We recently published a list of Top 9 Healthcare Stocks to Buy According to Billionaire David Einhorn. In this article, we are going to take a look at where Teva Pharmaceutical Industries Limited (NYSE:TEVA) stands against other top healthcare stocks to buy according to Billionaire David Einhorn.

Wall Street has come down crashing on President Donald Trump’s sweeping tariffs, raising the risk of a trade war that could push the global economy into recession. Major equity indexes have recorded their worst days in years, with the S&P 500 slipping back into correction territory. Amid the bloodbath, the focus is slowly turning to defensive sectors poised to shrug off the long-term effects of the trade war.

The steep sell-off in the equity markets comes on the heels of Greenlight Capital’s David Einhorn reiterating early in the year that the long-running bull run had ascended to levels beyond common sense.

“We have reached the ‘Fartcoin’ stage of the market cycle,” Einhorn wrote in an investor letter obtained by CNBC. “Other than trading and speculation, it serves no other obvious purpose and fulfills no need that is not served elsewhere.”
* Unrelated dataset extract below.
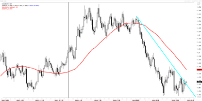 从周线图来看,去年至今年4月以来形成的上涨通道已破坏,趋势反转走势正在确立。从大势上看,2008年至今的下跌通道上轨仍完美压制欧元兑美元的反弹高度,上方阻力在年初高点1.2550,下方支撑在1.1500,同时200周均线亦构成支撑。在欧元区数据出现趋势性好转之前,难以见到欧元大幅反弹。同时我们判断贸易战以及其代表的逆全球化局面短期内不会消除,对欧元区经常项目构成压力。基于以上判断,我们预计下半年欧元下行压力持续存在,上方反弹空间受限。走势预计先跌后涨,反弹最早可能出现在今年年末。预计整体波动区间为【1.12,1.20】。(图3)

The sentiments came on the artificial intelligence-driven rally, propelling major indices to record highs. The gains to record highs also came with expectations that the Federal Reserve would aggressively cut interest rates on inflation levels that dropped close to the recommended 2% range. Things have changed, and the risk of inflation spiking has increased amid an aggressive trade war between the US and its trading partners.

READ ALSO: Top 10 Growth Stocks in David Tepper’s Portfolio and Billionaire Ken Fisher’s Top 13 Growth Stock Picks.

Greenlight Capital, a hedge fund founded by David Einhorn, has also found itself at a crossroads amid the deep sell-off in the market. Nevertheless, the hedge fund, which specializes in value-oriented strategies, boasts of significant exposure to healthcare stocks, offering some support as investors shun risky plays amid the corrective phase in the equity markets.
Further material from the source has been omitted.